BEGIN

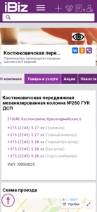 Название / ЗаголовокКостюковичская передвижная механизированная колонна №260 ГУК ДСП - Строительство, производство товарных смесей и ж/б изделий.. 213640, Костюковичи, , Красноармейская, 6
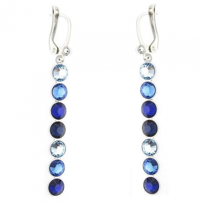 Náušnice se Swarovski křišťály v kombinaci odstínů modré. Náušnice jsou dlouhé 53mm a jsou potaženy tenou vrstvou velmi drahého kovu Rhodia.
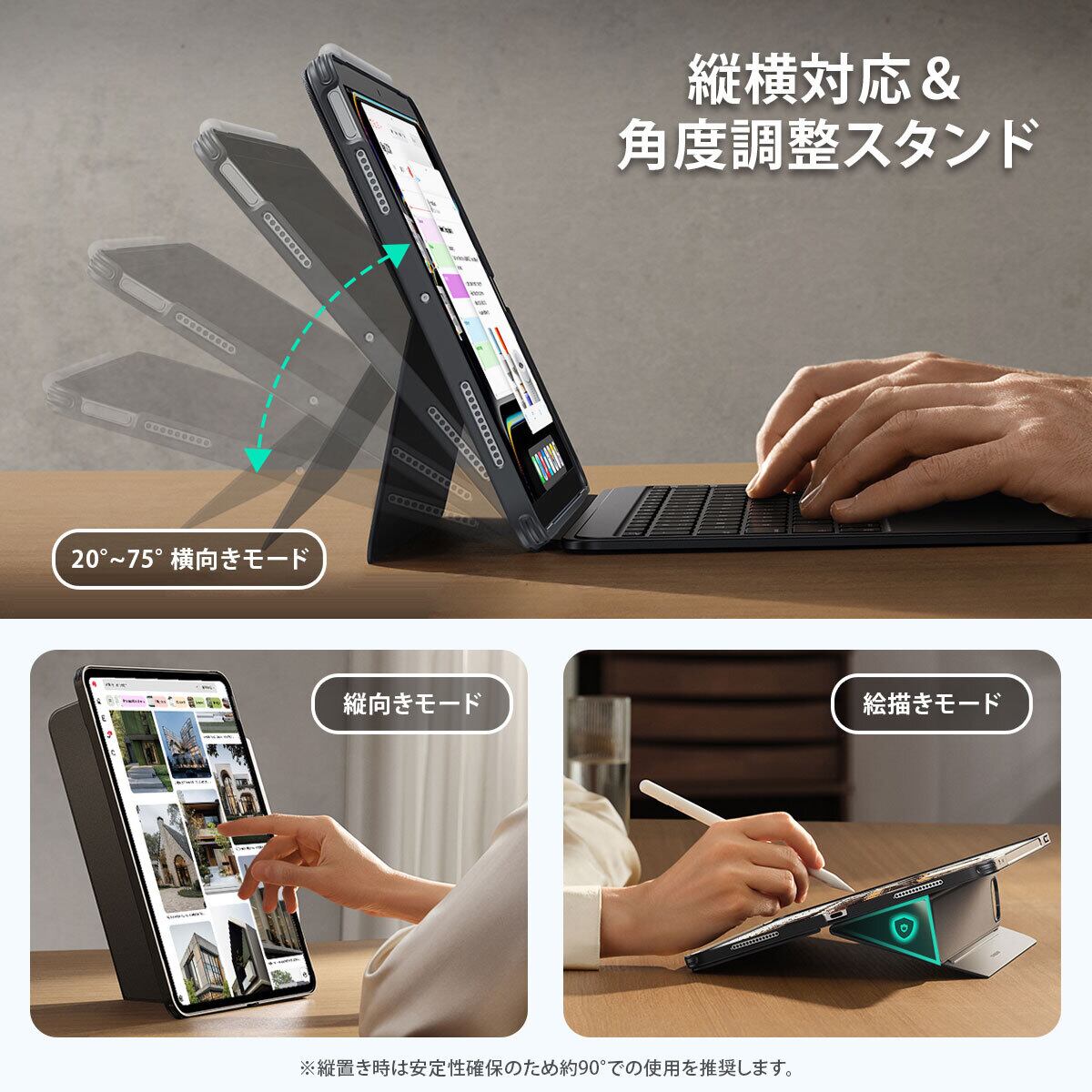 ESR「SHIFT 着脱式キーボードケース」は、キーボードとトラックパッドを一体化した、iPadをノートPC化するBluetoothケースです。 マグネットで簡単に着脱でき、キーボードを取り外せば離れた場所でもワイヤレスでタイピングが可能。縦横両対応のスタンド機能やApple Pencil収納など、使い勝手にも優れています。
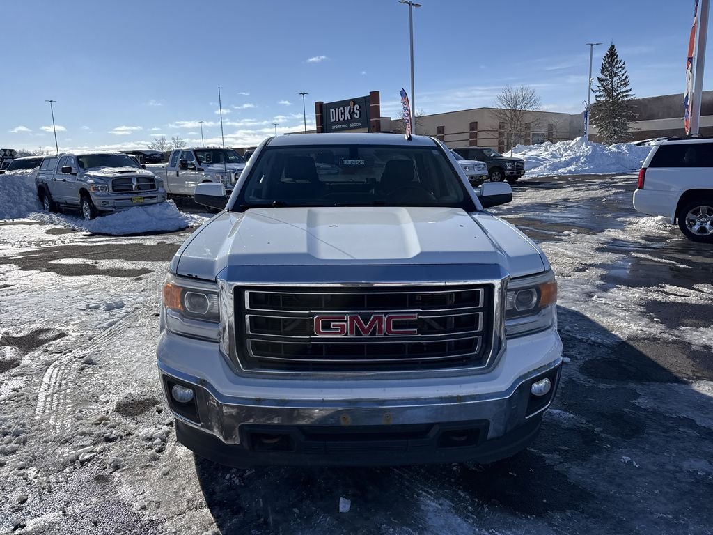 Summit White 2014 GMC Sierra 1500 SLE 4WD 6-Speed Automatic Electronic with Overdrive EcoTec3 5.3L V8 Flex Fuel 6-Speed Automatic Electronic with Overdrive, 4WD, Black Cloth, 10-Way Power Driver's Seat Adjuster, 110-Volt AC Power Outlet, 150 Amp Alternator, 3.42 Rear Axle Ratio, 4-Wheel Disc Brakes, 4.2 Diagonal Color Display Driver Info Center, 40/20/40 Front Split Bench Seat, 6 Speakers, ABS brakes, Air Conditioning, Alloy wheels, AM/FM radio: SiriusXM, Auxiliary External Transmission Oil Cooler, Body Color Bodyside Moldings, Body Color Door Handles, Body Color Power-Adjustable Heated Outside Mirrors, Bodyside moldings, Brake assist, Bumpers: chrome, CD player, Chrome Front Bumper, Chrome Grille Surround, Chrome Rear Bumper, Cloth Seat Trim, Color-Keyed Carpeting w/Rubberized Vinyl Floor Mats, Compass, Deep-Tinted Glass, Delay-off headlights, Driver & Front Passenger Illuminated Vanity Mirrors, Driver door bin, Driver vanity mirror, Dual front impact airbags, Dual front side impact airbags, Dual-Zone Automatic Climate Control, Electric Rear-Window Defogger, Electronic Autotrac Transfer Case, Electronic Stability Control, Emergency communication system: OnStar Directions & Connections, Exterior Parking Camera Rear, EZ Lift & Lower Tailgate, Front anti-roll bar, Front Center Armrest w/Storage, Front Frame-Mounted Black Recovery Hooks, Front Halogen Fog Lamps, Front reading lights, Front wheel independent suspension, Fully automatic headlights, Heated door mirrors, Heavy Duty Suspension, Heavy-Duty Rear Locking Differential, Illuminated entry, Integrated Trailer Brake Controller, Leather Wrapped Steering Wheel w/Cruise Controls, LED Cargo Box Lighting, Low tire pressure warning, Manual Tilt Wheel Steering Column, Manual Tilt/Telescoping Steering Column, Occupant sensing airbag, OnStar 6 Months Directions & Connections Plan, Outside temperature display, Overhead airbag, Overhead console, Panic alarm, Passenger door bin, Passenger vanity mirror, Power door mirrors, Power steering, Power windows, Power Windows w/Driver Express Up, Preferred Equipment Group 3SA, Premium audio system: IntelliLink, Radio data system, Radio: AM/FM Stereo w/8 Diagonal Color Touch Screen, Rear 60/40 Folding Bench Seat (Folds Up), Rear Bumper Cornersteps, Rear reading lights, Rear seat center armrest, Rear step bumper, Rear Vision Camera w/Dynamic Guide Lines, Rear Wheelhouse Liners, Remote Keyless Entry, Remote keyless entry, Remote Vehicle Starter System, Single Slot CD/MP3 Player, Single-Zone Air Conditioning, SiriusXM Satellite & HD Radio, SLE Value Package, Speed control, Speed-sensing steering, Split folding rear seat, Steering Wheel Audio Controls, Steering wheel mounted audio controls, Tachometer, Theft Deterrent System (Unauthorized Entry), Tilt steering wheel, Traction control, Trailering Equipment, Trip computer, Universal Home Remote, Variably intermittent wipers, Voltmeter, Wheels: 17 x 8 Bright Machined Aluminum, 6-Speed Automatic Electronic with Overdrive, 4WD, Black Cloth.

END

→ **To do**: Transcribe all the material exactly; skip every image.

→ **Final answer**:
 Название / ЗаголовокКостюковичская передвижная механизированная колонна №260 ГУК ДСП - Строительство, производство товарных смесей и ж/б изделий.. 213640, Костюковичи, , Красноармейская, 6
 Náušnice se Swarovski křišťály v kombinaci odstínů modré. Náušnice jsou dlouhé 53mm a jsou potaženy tenou vrstvou velmi drahého kovu Rhodia.
 ESR「SHIFT 着脱式キーボードケース」は、キーボードとトラックパッドを一体化した、iPadをノートPC化するBluetoothケースです。 マグネットで簡単に着脱でき、キーボードを取り外せば離れた場所でもワイヤレスでタイピングが可能。縦横両対応のスタンド機能やApple Pencil収納など、使い勝手にも優れています。
 Summit White 2014 GMC Sierra 1500 SLE 4WD 6-Speed Automatic Electronic with Overdrive EcoTec3 5.3L V8 Flex Fuel 6-Speed Automatic Electronic with Overdrive, 4WD, Black Cloth, 10-Way Power Driver's Seat Adjuster, 110-Volt AC Power Outlet, 150 Amp Alternator, 3.42 Rear Axle Ratio, 4-Wheel Disc Brakes, 4.2 Diagonal Color Display Driver Info Center, 40/20/40 Front Split Bench Seat, 6 Speakers, ABS brakes, Air Conditioning, Alloy wheels, AM/FM radio: SiriusXM, Auxiliary External Transmission Oil Cooler, Body Color Bodyside Moldings, Body Color Door Handles, Body Color Power-Adjustable Heated Outside Mirrors, Bodyside moldings, Brake assist, Bumpers: chrome, CD player, Chrome Front Bumper, Chrome Grille Surround, Chrome Rear Bumper, Cloth Seat Trim, Color-Keyed Carpeting w/Rubberized Vinyl Floor Mats, Compass, Deep-Tinted Glass, Delay-off headlights, Driver & Front Passenger Illuminated Vanity Mirrors, Driver door bin, Driver vanity mirror, Dual front impact airbags, Dual front side impact airbags, Dual-Zone Automatic Climate Control, Electric Rear-Window Defogger, Electronic Autotrac Transfer Case, Electronic Stability Control, Emergency communication system: OnStar Directions & Connections, Exterior Parking Camera Rear, EZ Lift & Lower Tailgate, Front anti-roll bar, Front Center Armrest w/Storage, Front Frame-Mounted Black Recovery Hooks, Front Halogen Fog Lamps, Front reading lights, Front wheel independent suspension, Fully automatic headlights, Heated door mirrors, Heavy Duty Suspension, Heavy-Duty Rear Locking Differential, Illuminated entry, Integrated Trailer Brake Controller, Leather Wrapped Steering Wheel w/Cruise Controls, LED Cargo Box Lighting, Low tire pressure warning, Manual Tilt Wheel Steering Column, Manual Tilt/Telescoping Steering Column, Occupant sensing airbag, OnStar 6 Months Directions & Connections Plan, Outside temperature display, Overhead airbag, Overhead console, Panic alarm, Passenger door bin, Passenger vanity mirror, Power door mirrors, Power steering, Power windows, Power Windows w/Driver Express Up, Preferred Equipment Group 3SA, Premium audio system: IntelliLink, Radio data system, Radio: AM/FM Stereo w/8 Diagonal Color Touch Screen, Rear 60/40 Folding Bench Seat (Folds Up), Rear Bumper Cornersteps, Rear reading lights, Rear seat center armrest, Rear step bumper, Rear Vision Camera w/Dynamic Guide Lines, Rear Wheelhouse Liners, Remote Keyless Entry, Remote keyless entry, Remote Vehicle Starter System, Single Slot CD/MP3 Player, Single-Zone Air Conditioning, SiriusXM Satellite & HD Radio, SLE Value Package, Speed control, Speed-sensing steering, Split folding rear seat, Steering Wheel Audio Controls, Steering wheel mounted audio controls, Tachometer, Theft Deterrent System (Unauthorized Entry), Tilt steering wheel, Traction control, Trailering Equipment, Trip computer, Universal Home Remote, Variably intermittent wipers, Voltmeter, Wheels: 17 x 8 Bright Machined Aluminum, 6-Speed Automatic Electronic with Overdrive, 4WD, Black Cloth.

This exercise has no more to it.